In the wake of the 2008 financial meltdown, the Fed engaged in a series of asset purchase programs in an attempt to lower long-term rates and stimulate economic growth. In that time, the Fed balance sheet grew from under $1 trillion before the crisis to $4.5 trillion today.

For all of its intervention, the Fed did little to stimulate growth. The post-crash expansion has been historically anemic compared to past boom cycles, with GDP growth languishing under 2%. But all of its quantitative easing has inflated a giant stock market bubble. Last spring, Yahoo Finance reported an analysis showing that 93% of the entire stock market move since 2008 was caused by Federal Reserve policy.

At some point, the Fed will try to “normalize” that balance sheet by selling off those purchased assets.
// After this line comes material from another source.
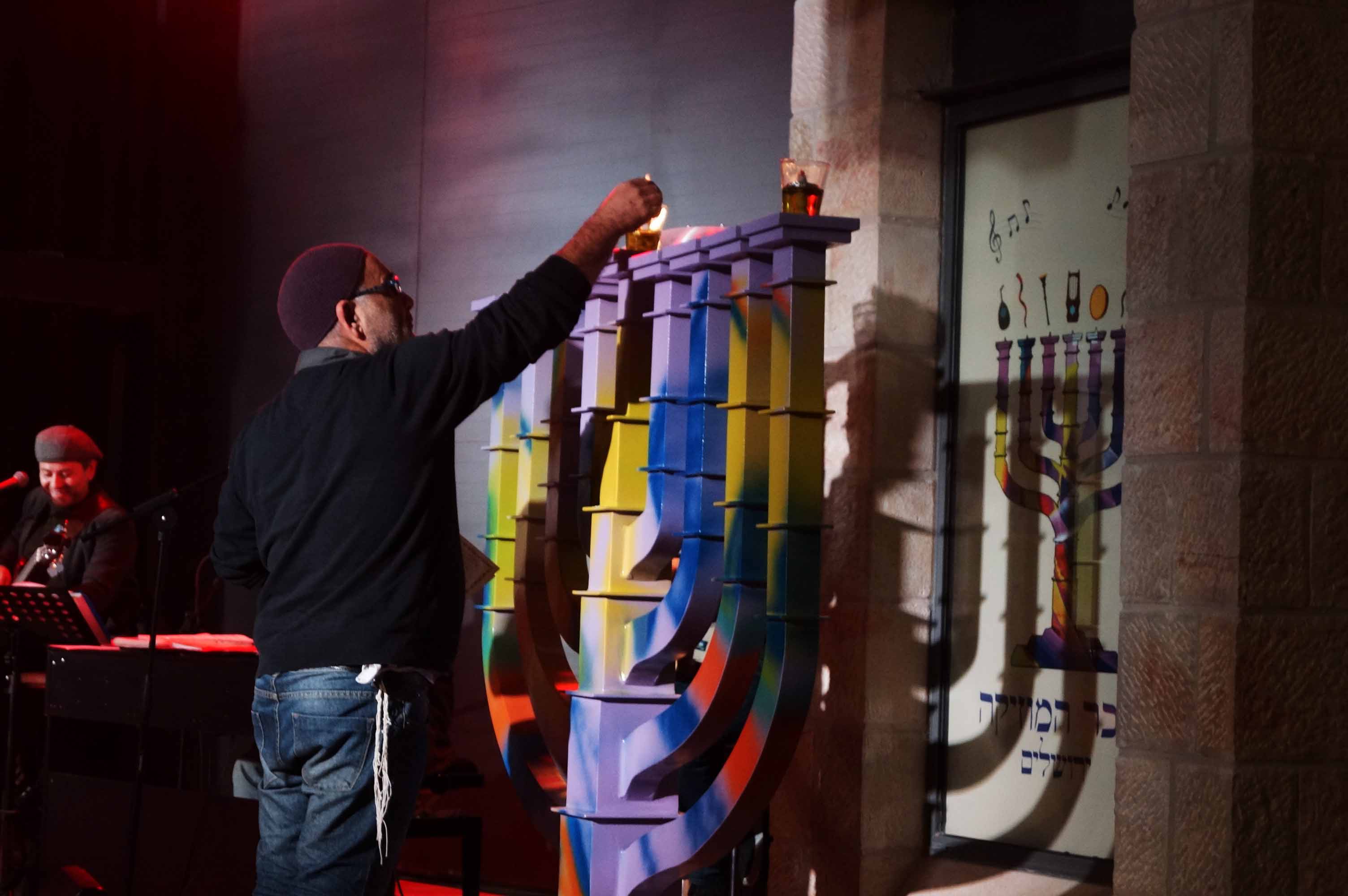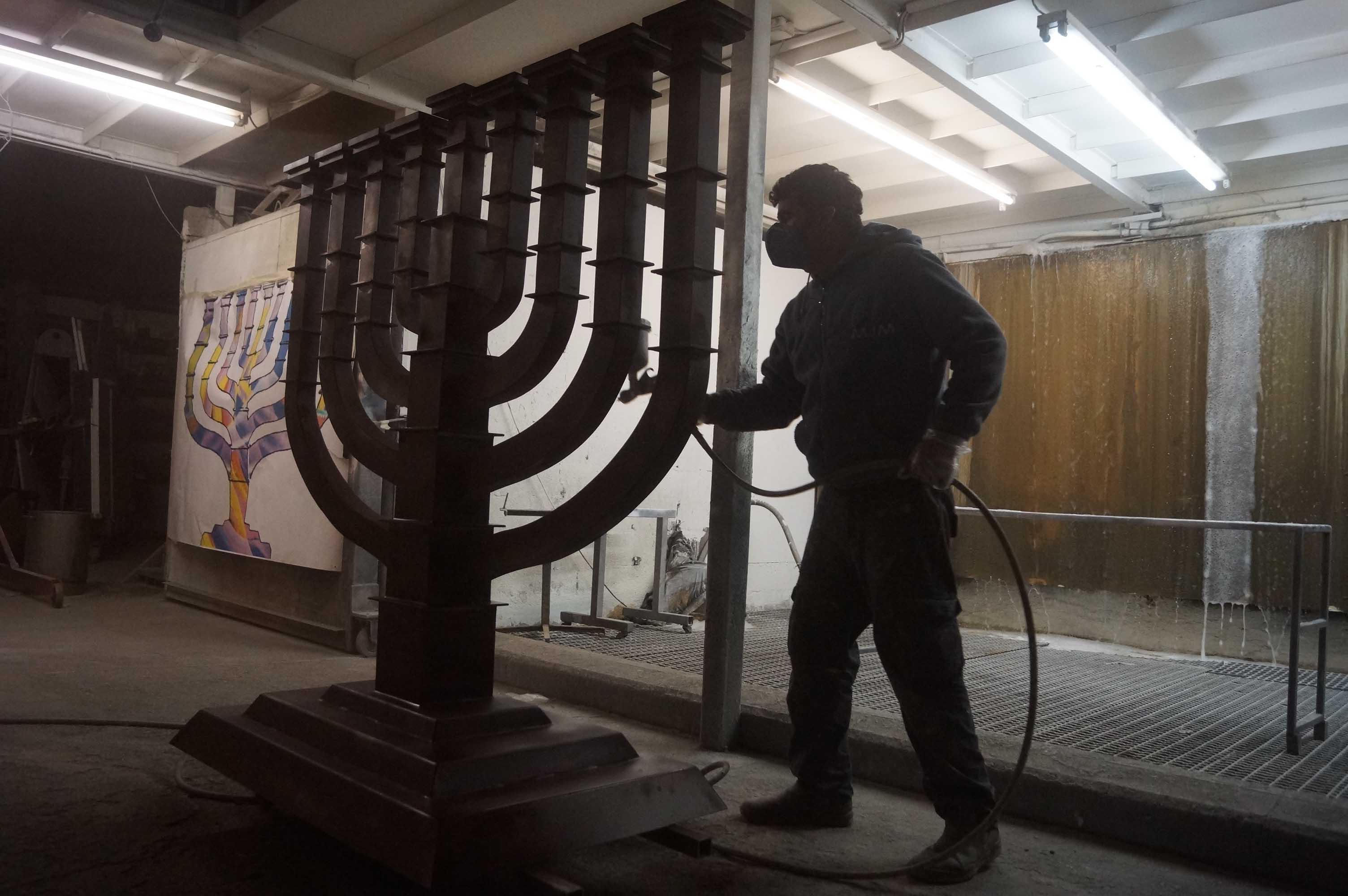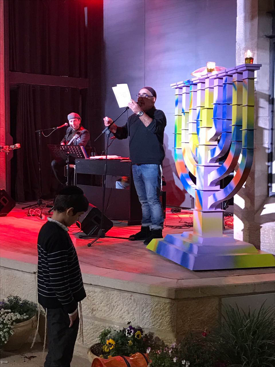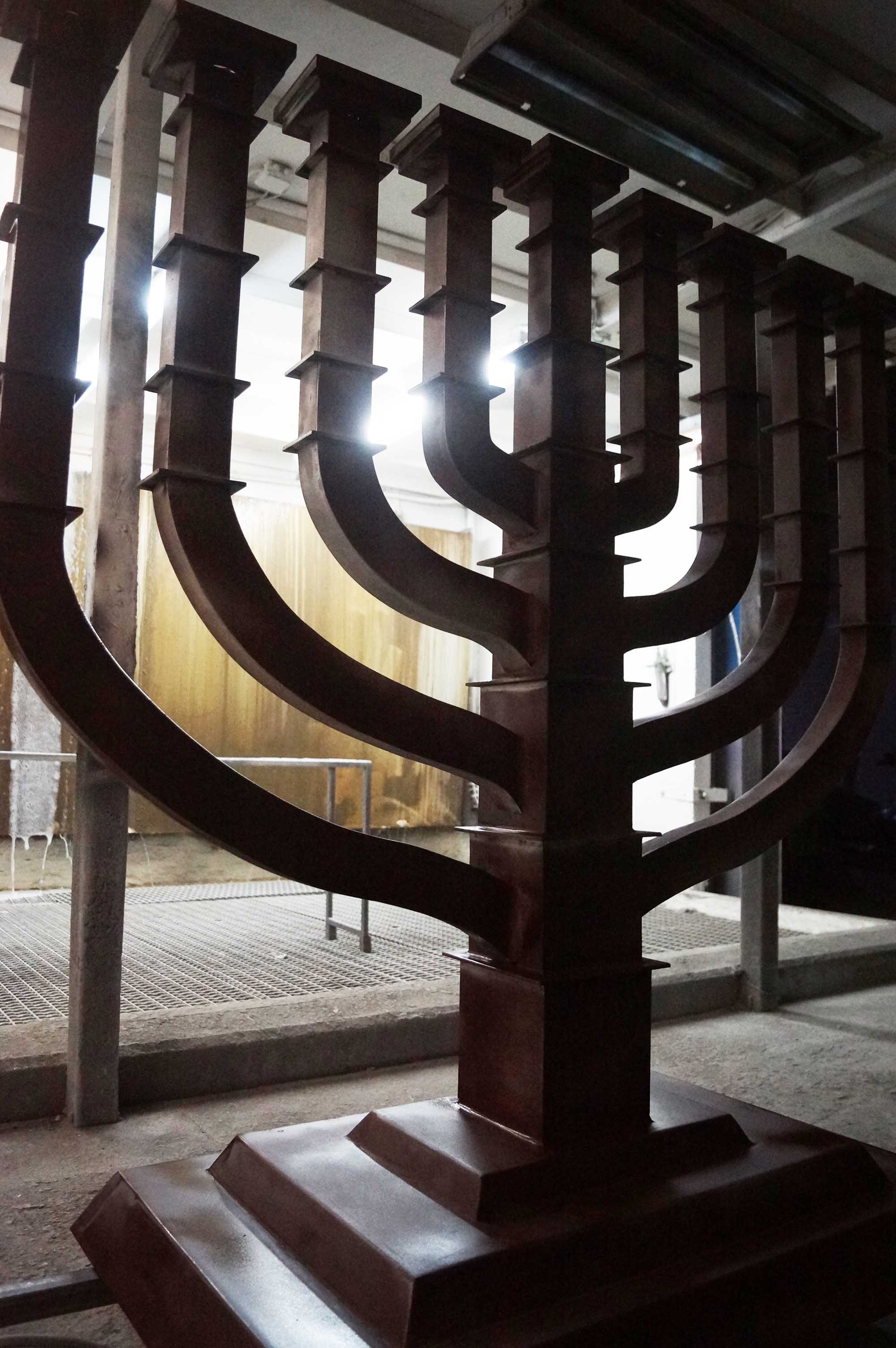 בניית חנוכיה ענקית מאלומיניום ברוח הלוגו של כיכר המוסיקה, לכבוד חג החנוכה 2016.
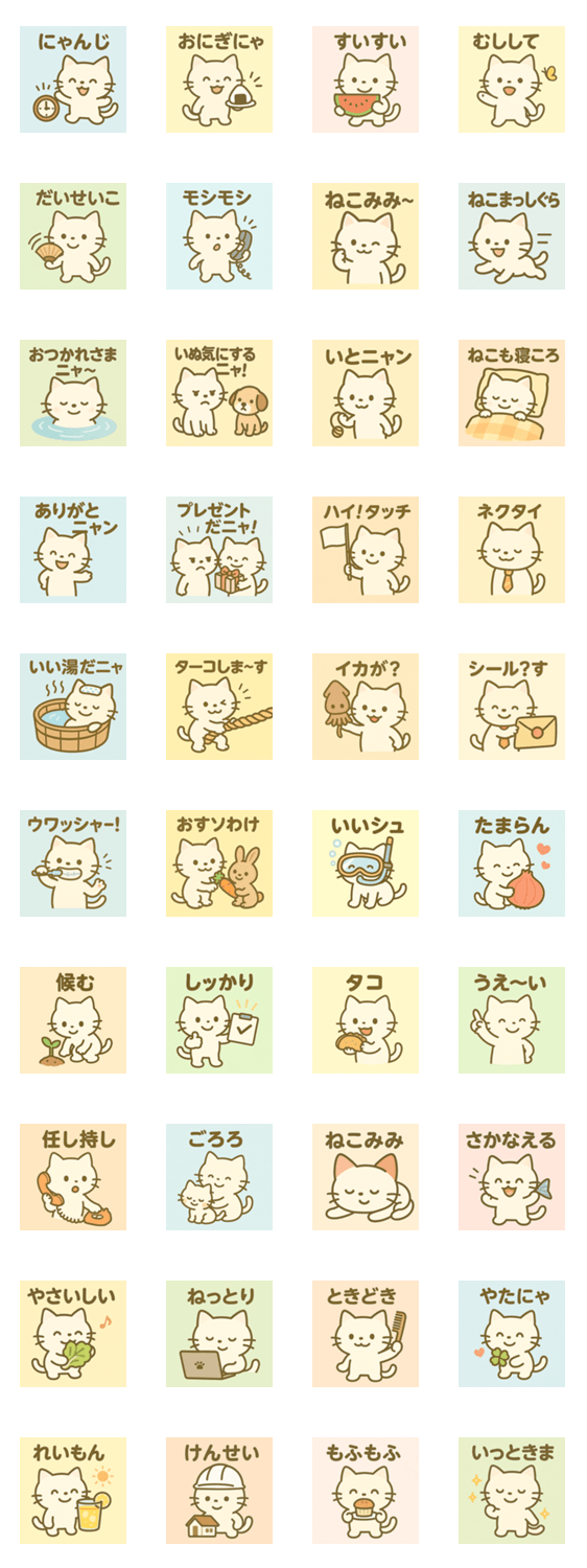 しろにゃんまるの駄洒落スタンプです。みんなでずっと使える内容を揃えましたのでスタンプ初心者の方にもオススメです。

That may well be the pin that pops that stock market bubble. The AP explains what happened the last time the Fed hinted it might try to shrink its balance sheet.

“How [the Federal Reserve] proceeds is of great importance to market participants. In 2013, when the Fed signaled it would stop adding to the portfolio, stocks fell, interest rates rose and emerging stock and bond markets sank – an event known as a ‘taper tantrum’ on Wall Street, driven by investor worries about the implications of a less accommodative Fed.”

Peter Schiff has often compared the Fed to a drug dealer supplying heroin to an addict. As long as it keeps the drug flowing, the addict remains happy despite its debilitating effects. Cut the flow of heroin, and he goes into withdrawl – or a “taper tantrum” if you prefer. A major balance sheet reduction would essentially force the addict give up his heroin cold turkey.

So, while the Fed might be talking “normalization,” it seems highly unlikely the central bank can pull it off without disastrous effects. The Fed has put itself into a “damned if you do, damned if you don’t” situation. It needs to normalize. But when it does, it will deflate the stock market bubble and probably kick-start a recession.

As C. Jay Engel at the Mises Institute explains, after years of monetary expansion and interest rate manipulation to the benefit of Wall Street (and others), it has its proverbial back against the wall.

“The Fed still has at the forefront of its mind the ‘tantrum’ that may ensue if historically unprecedented ‘accommodation’ is slightly taken away. The Fed is stuck, and refuses to admit it. The question remains to be seen: how far on the road to balance sheet ‘normalization’ can they go?”

Peter has argued that the Fed will not aggressively move forward with normalization if it means crashing Wall Street. As he put it during a CNBC interview last summer, the Fed will ultimately sacrifice the dollar on the altar of the stock market.

The central bank’s main goal is to make sure the stock market doesn’t crash again. Peter said they might succeed, but only at the expense of the dollar.

“So we’re going into a currency crisis, and this crisis is going to be much bigger than a financial crisis. The impact it’s going to have on the average American, on his standard of living, on his way of life is going to be much more profound. And sure, people won’t lose as much money in their stock portfolio, but if they try to sell their stocks and spend the money, the purchasing power that they lose is going to be much greater then what was lost in ’08.”

The Fed has been able to tinker with rates recently without significant repercussions because the market remains caught up in a post-Trump election high. But there are signs the bloom is falling off that rose. It seems unlikely the central bank will be able to count on Trump euphoria to sustain the bubble, especially if it tries to get serious about normalization.

The Fed basically has two options: keep the party going or shut it down and watch the tantrum.